WORK INSTRUCTION – Print nothing but the lines from the start of the listing below through the line that contains "Artoid Mode Black". Do not include the pictures.

INFORMATION SUPPLIED –
• • • • •
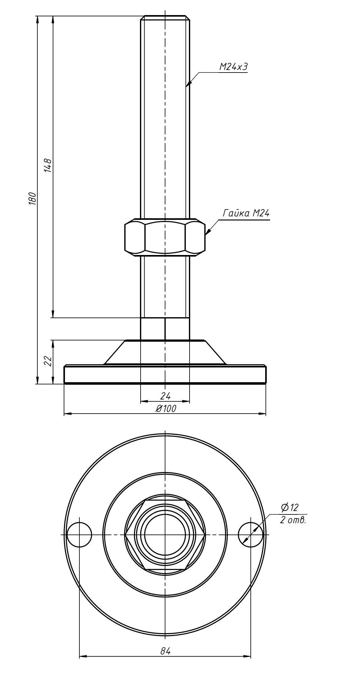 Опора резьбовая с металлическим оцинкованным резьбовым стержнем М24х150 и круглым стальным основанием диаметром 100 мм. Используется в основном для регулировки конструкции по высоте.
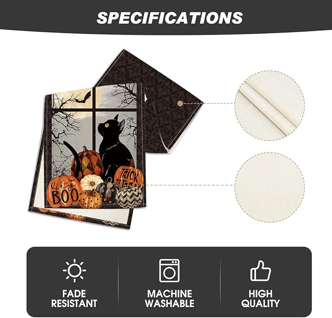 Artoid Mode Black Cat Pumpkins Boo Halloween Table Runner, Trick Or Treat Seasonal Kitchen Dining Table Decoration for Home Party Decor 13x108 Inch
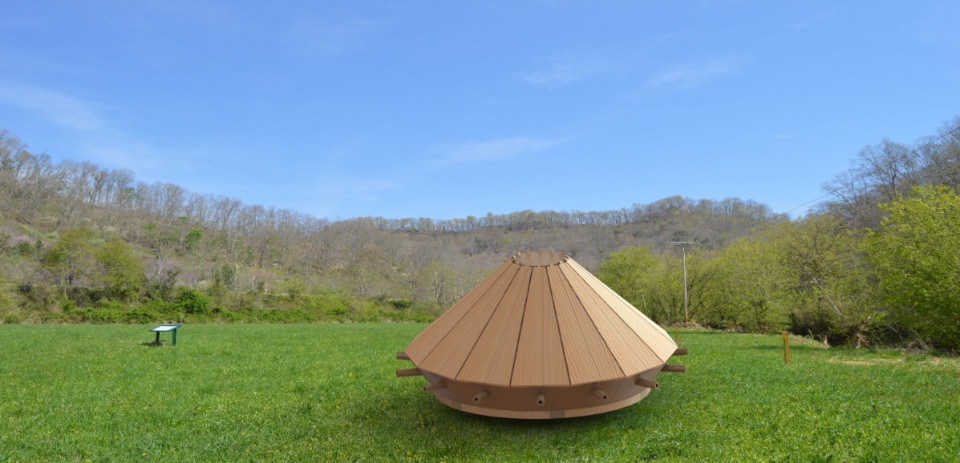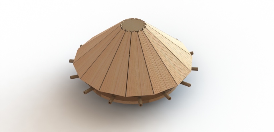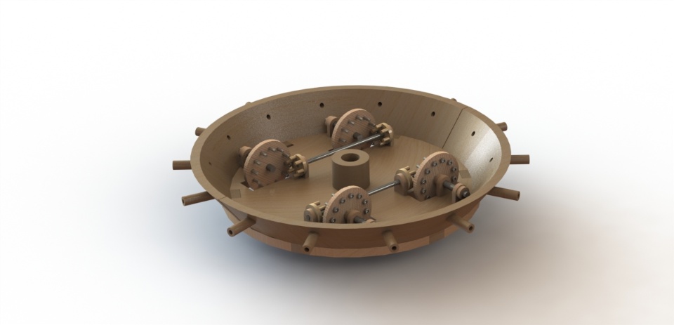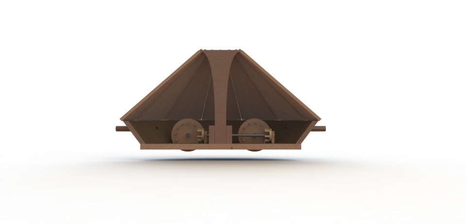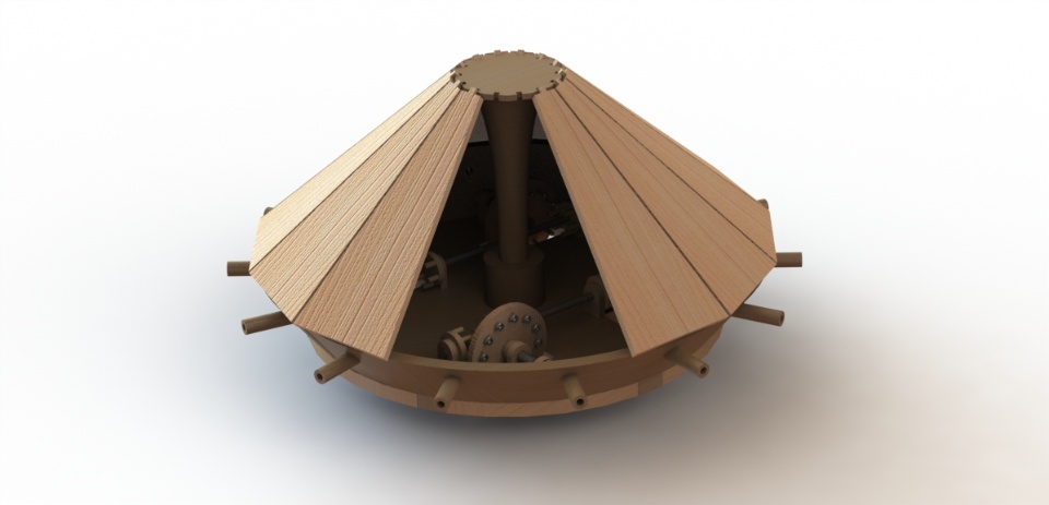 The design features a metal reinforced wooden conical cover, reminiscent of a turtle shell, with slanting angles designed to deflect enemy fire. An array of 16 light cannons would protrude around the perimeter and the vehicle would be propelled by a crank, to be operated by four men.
• • • • •
EXERCISE ANSWER –
 Опора резьбовая с металлическим оцинкованным резьбовым стержнем М24х150 и круглым стальным основанием диаметром 100 мм. Используется в основном для регулировки конструкции по высоте.
 Artoid Mode Black Cat Pumpkins Boo Halloween Table Runner, Trick Or Treat Seasonal Kitchen Dining Table Decoration for Home Party Decor 13x108 Inch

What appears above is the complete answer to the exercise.